§ THE DATA:
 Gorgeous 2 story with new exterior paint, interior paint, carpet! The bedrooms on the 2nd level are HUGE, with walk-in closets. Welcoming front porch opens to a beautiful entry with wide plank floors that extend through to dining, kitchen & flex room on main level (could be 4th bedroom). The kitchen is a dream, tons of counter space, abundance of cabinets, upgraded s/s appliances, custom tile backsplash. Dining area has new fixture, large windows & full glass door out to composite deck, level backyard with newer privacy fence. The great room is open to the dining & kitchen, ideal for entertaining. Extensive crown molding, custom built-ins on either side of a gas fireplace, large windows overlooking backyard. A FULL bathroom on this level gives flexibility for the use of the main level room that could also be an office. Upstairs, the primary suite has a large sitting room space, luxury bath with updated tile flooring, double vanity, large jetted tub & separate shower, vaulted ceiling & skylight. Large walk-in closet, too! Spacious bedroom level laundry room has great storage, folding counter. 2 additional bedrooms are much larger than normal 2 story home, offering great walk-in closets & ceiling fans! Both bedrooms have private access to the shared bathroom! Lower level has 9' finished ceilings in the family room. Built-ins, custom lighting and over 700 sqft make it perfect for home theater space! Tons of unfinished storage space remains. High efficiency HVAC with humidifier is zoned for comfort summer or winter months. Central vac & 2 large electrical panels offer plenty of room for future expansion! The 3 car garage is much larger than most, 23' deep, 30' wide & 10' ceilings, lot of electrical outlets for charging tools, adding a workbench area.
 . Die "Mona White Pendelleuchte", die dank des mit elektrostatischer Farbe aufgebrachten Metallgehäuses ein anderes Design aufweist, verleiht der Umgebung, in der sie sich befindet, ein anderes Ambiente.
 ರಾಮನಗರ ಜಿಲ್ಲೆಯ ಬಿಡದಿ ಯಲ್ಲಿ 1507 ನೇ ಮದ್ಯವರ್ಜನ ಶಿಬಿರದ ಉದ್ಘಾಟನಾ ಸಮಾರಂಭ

==

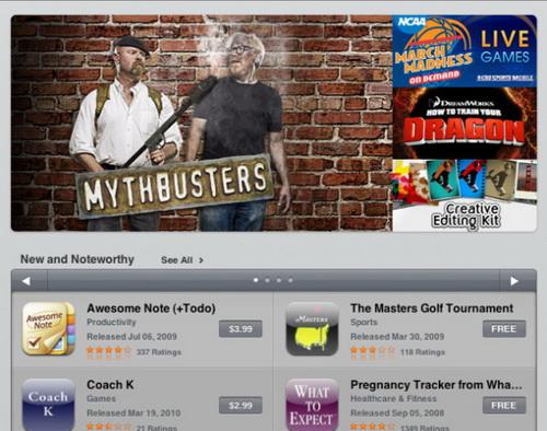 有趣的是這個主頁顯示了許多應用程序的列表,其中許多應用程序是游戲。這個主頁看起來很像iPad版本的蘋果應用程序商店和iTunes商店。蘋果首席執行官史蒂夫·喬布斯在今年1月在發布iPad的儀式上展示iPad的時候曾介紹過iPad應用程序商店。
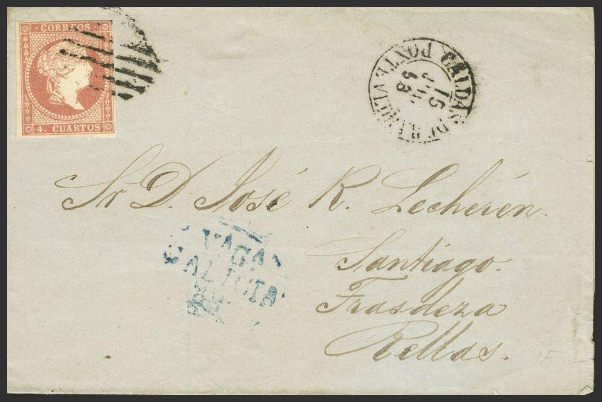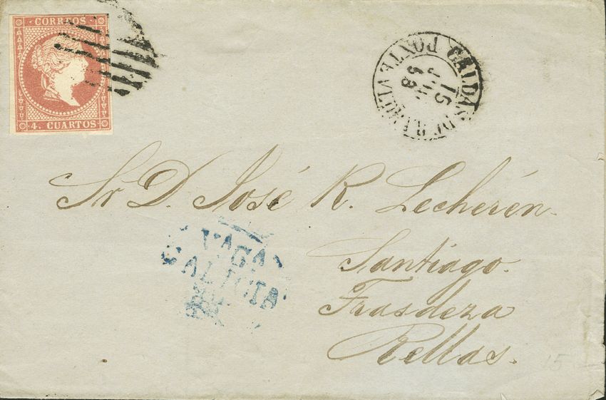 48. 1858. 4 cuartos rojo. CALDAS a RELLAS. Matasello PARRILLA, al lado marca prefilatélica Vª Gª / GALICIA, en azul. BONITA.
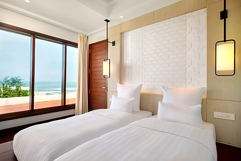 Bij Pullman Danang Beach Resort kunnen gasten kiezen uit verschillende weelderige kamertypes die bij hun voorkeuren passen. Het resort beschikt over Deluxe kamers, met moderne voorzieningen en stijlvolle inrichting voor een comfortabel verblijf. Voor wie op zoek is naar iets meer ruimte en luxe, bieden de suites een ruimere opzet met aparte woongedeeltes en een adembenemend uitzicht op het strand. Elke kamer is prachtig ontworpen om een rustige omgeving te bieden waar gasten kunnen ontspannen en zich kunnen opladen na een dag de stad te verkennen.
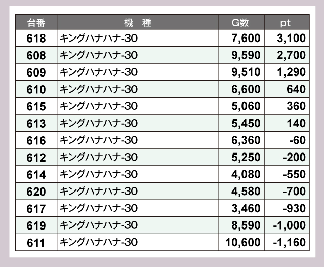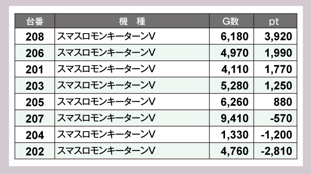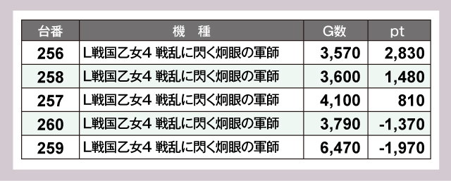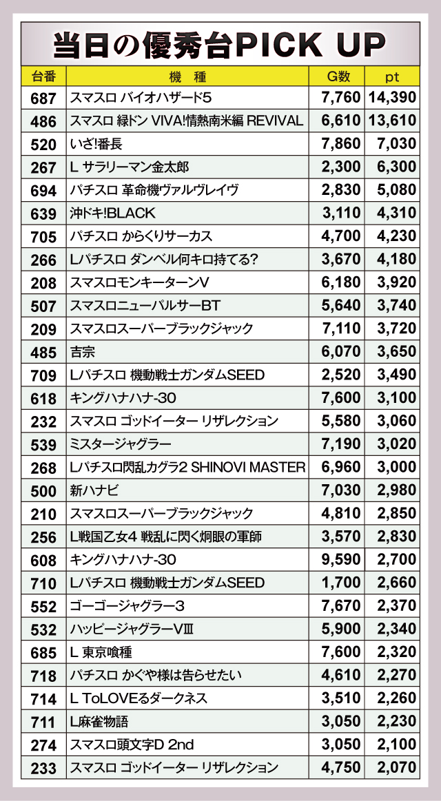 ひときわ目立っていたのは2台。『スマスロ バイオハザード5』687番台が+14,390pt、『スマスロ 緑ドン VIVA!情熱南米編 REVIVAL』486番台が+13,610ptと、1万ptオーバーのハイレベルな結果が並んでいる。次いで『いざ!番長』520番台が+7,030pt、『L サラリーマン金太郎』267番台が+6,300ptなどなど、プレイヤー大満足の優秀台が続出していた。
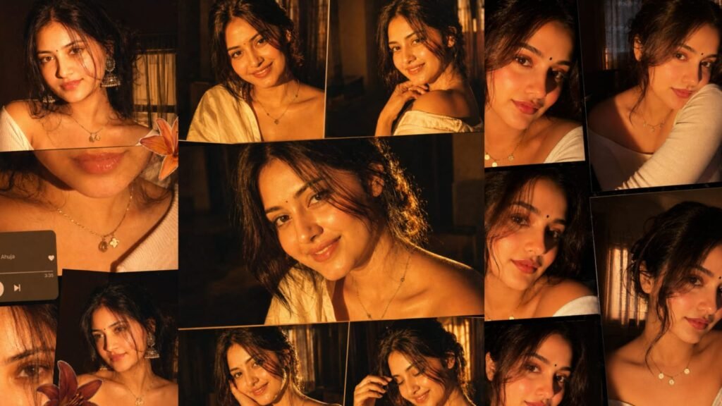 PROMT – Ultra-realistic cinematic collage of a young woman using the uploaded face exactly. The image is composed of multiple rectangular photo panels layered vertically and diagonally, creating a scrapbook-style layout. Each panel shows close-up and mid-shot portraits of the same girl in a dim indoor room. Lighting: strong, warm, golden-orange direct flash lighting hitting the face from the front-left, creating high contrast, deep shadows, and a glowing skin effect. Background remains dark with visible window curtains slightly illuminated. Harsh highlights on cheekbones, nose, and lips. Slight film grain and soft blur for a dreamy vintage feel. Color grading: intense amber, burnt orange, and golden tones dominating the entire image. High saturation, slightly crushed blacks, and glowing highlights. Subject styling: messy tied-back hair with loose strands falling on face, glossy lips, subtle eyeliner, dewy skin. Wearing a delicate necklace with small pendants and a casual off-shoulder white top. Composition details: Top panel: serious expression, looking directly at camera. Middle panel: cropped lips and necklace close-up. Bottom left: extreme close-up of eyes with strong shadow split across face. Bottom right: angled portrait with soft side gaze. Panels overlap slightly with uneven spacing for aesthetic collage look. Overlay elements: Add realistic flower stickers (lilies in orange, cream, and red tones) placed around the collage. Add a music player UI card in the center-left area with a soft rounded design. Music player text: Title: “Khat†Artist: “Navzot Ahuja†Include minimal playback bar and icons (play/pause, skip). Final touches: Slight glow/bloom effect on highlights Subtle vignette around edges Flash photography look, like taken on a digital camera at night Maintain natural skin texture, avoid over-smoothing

§ ACTIVITY: The answer should consist only of the lines above from the one with "48. 1858. 4" through the one with "ひときわ目立っていたのは2台。『スマスロ バイオハザード5』687番台が+14,390pt、『スマスロ 緑ドン", repeated exactly, with no pictures among them.

§ WORKED SOLUTION:
 48. 1858. 4 cuartos rojo. CALDAS a RELLAS. Matasello PARRILLA, al lado marca prefilatélica Vª Gª / GALICIA, en azul. BONITA.
 Bij Pullman Danang Beach Resort kunnen gasten kiezen uit verschillende weelderige kamertypes die bij hun voorkeuren passen. Het resort beschikt over Deluxe kamers, met moderne voorzieningen en stijlvolle inrichting voor een comfortabel verblijf. Voor wie op zoek is naar iets meer ruimte en luxe, bieden de suites een ruimere opzet met aparte woongedeeltes en een adembenemend uitzicht op het strand. Elke kamer is prachtig ontworpen om een rustige omgeving te bieden waar gasten kunnen ontspannen en zich kunnen opladen na een dag de stad te verkennen.
 ひときわ目立っていたのは2台。『スマスロ バイオハザード5』687番台が+14,390pt、『スマスロ 緑ドン VIVA!情熱南米編 REVIVAL』486番台が+13,610ptと、1万ptオーバーのハイレベルな結果が並んでいる。次いで『いざ!番長』520番台が+7,030pt、『L サラリーマン金太郎』267番台が+6,300ptなどなど、プレイヤー大満足の優秀台が続出していた。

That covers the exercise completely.